The Complete Safety Stack

+----------------------------------------------------------+
|  Layer 4: CI Workflow Timeout (60 min)                    |
|  +------------------------------------------------------+|
|  |  Layer 3: CI Job Timeout (15 min)                    ||
|  |  +--------------------------------------------------+||
|  |  |  Layer 2: Per-Test Timeout (300s)                |||
|  |  |  +----------------------------------------------+|||
|  |  |  |  Layer 1: Per-Action Timeout (30s)           ||||
|  |  |  |  +------------------------------------------+||||
|  |  |  |  |  Guardrails: steps, tokens, domains,     |||||
|  |  |  |  |  actions — enforced by the harness       |||||
|  |  |  |  +------------------------------------------+||||
|  |  |  +----------------------------------------------+|||
|  |  +--------------------------------------------------+||
|  +------------------------------------------------------+|
+----------------------------------------------------------+

Each layer catches failures that the inner layer misses:

  • Guardrails catch agent misbehavior (too many steps, wrong domain)
  • Per-action timeout catches hung browser operations
  • Per-test timeout catches stuck agent loops
  • CI job timeout catches harness/process hangs
  • CI workflow timeout catches infrastructure-level failures

Anti-Pattern: No Kill Switch

# DANGEROUS: no timeouts at any level
- name: Run agentic tests
  run: python -m pytest tests/agentic/

This job can run forever. If the agent enters an infinite loop and the harness fails to detect it, the CI runner is blocked until manually killed. In a shared CI environment, this blocks other teams.

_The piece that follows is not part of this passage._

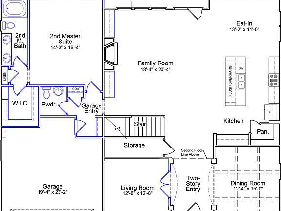 This Rutledge II is a five bedroom, four and one-half bathroom home, featuring two primary suites. The two-story foyer has arched entries into the living room and formal dining room. Ten-foot ceilings and hardwood flooring run throughout the first floor living spaces. The family room is centered around a natural gas fireplace and built-in shelves. The gourmet kitchen overlooks the family room and is complete with quartz countertops, built-in wall oven and microwave, and a gas range. One primary suite is located just off the family room. Upstairs there are three secondary bedrooms, all with walk in closets. The second primary suite is located upstairs and is complete with a sitting area, three walk-in closets, a soaking tub, and separate shower. Also located upstairs is the bonus room and laundry room.

Always set at least two timeout layers: one in the test framework and one in the CI runner.


Key Takeaway

The Dead Man's Switch pattern ensures that agentic tests always terminate, even when the agent, harness, and test framework all fail to self-terminate. Implement it as layered timeouts (action, test, job, workflow) plus process cleanup in CI post-scripts. The CI timeout is the outermost safety net -- the one guarantee that your pipeline will not hang indefinitely.